I want to ask community an advice:
what is the best way to index and search java.math.BigDecimal values in
lucene 2.4.

Any code snippets are welcome.

Sergey Kabashnyuk
eXo Platform SAS

---------------------------------------------------------------------
To unsubscribe, e-mail: java-user-unsubscribe@lucene.apache.org
For additional commands, e-mail: java-user-help@lucene.apache.org

Search Discussions

  • Ian Lea at Nov 20, 2008 at 2:20 pm
    Hi


    Lucene only indexes strings. The standard advice for numeric is to
    pad to desired width with leading zeros, if likely to be used in range
    searches. How varied are the numbers you're going to be working with?
    I only work with stuff with 2 decimal places and tend to lose that.
    e.g.

    2.22 would be indexed as 000222
    0.99 ... 000099

    And of course go through the same conversion when searching.

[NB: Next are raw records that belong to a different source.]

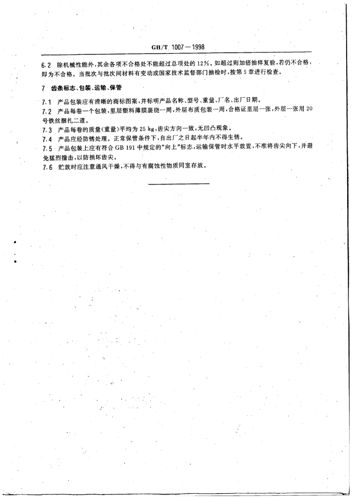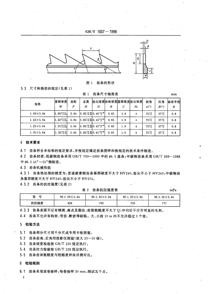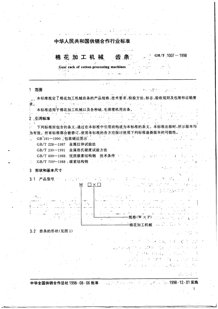 GH/T 1007-1998 棉花加工机械 齿条
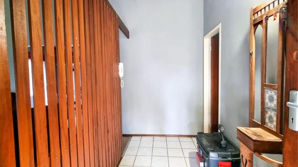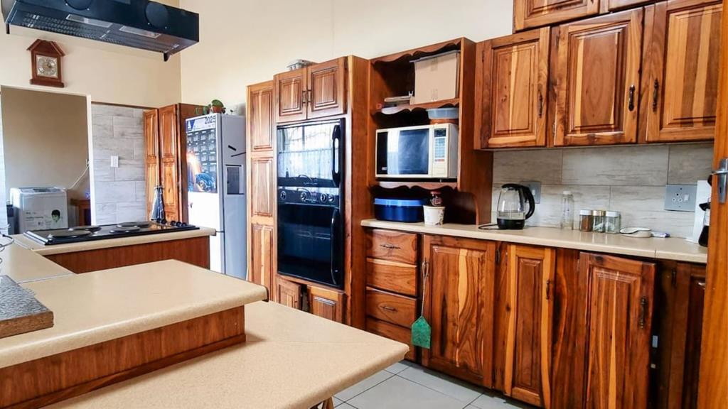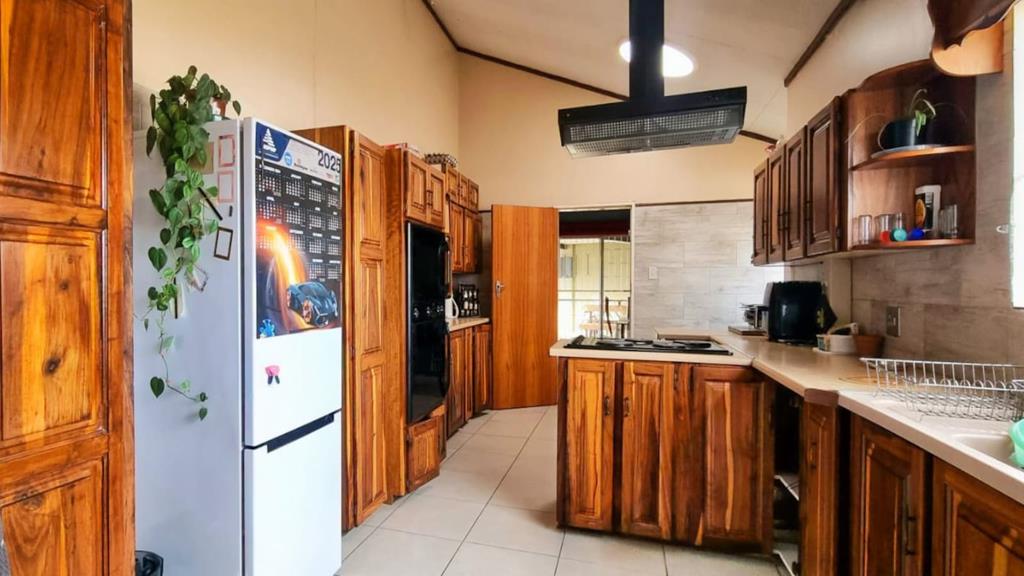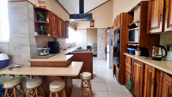 The main house features three well-sized bedrooms and two bathrooms. The kitchen is fitted with ample built-in cupboards, an electric stove, extractor fan, eye-level oven, and a separate scullery perfect for functional everyday use. The dining area opens up to a spacious lounge and an undercover entertainment area, ideal for hosting guests or relaxing with family.
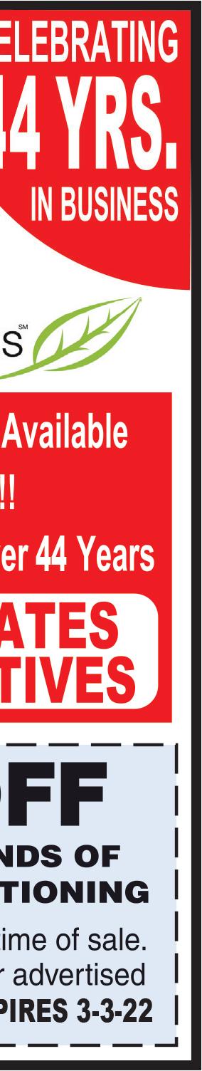 FREE Inspection of Current Blinds FREE Cordless Lift on Alta Honeycomb Shades Valid with coupon only. Exp. 3/5/22. Buy 2 Get 1 FREE or 30% OFF Each Window Treatment Excludes Roman Shades, Draperies & Shutters. Valid with coupon only. Exp. 3/5/22. 10% OFF Alta Faux Wood Blinds & Roller Shades May be combined with 30% Off. Valid with coupon only. Exp. 3/5/22. www.clemasonry.com Serving All of Northeast Ohio RESIDENTIAL & COMMERCIAL Veteran Owned • CHIMNEY REPAIR • STEP REPAIR • TUCK POINTING • STONE VENEER • CONCRETE • FIREPLACES • RETAINING WALLS $250 OFF MASONRY WORK ON ANY JOB OVER $2500 With Coupon. With Coupon. With Coupon. $50 OFF MASONRY WORK ON ANY JOB OVER $500 FREE WATERPROOFING WITH ANY PURCHASE Don’t let Winter stop you from your masonry project... We use additives that cure the mortar in cold weather and we have canopies with big commercial heaters. Call Today!

    But if you've got variable numbers of decimal places it might get more
    interesting.


    --
    Ian.

    On Thu, Nov 20, 2008 at 2:10 PM, Sergey Kabashnyuk wrote:
    Hello

    I want to ask community an advice:
    what is the best way to index and search java.math.BigDecimal values in
    lucene 2.4.

    Any code snippets are welcome.

    Sergey Kabashnyuk
    eXo Platform SAS
    ---------------------------------------------------------------------
    To unsubscribe, e-mail: java-user-unsubscribe@lucene.apache.org
    For additional commands, e-mail: java-user-help@lucene.apache.org
  • Sergey Kabashnyuk at Nov 20, 2008 at 2:31 pm
    Thanks Ian

    Unfortunately, I have to index any possible number of java.math.BigDecimal
    I can rephrase my question this way:

    How can I convert java.math.BigDecimal numbers in to string
    for its storing in lexicographical order

    Sergey Kabashnyuk
    eXo Platform SAS
    Hi


    Lucene only indexes strings. The standard advice for numeric is to
    pad to desired width with leading zeros, if likely to be used in range
    searches. How varied are the numbers you're going to be working with?
    I only work with stuff with 2 decimal places and tend to lose that.
    e.g.

    2.22 would be indexed as 000222
    0.99 ... 000099

    And of course go through the same conversion when searching.


    But if you've got variable numbers of decimal places it might get more
    interesting.


    --
    Ian.

    On Thu, Nov 20, 2008 at 2:10 PM, Sergey Kabashnyuk wrote:
    Hello

    I want to ask community an advice:
    what is the best way to index and search java.math.BigDecimal values in
    lucene 2.4.

    Any code snippets are welcome.

    Sergey Kabashnyuk
    eXo Platform SAS
    ---------------------------------------------------------------------
    To unsubscribe, e-mail: java-user-unsubscribe@lucene.apache.org
    For additional commands, e-mail: java-user-help@lucene.apache.org


    --
    Using Opera's revolutionary e-mail client: http://www.opera.com/mail/

    ---------------------------------------------------------------------
    To unsubscribe, e-mail: java-user-unsubscribe@lucene.apache.org
    For additional commands, e-mail: java-user-help@lucene.apache.org
  • Michael Ludwig at Nov 20, 2008 at 8:06 pm

    Sergey Kabashnyuk schrieb:
    Unfortunately, I have to index any possible number of
    java.math.BigDecimal
    Hi Sergey,

    quite a lot of numbers are possible for BigDecimal. Somehow the range
    must be bounded.

    Let's first draw the line where, for a given BigDecimal bd, the result
    of bd.toString(), which since 1.5 returns a "standard canonical string
    form", cannot be refed to the String constructor for BigDecimal. So when
    reconstruction fails, that is out of range for you.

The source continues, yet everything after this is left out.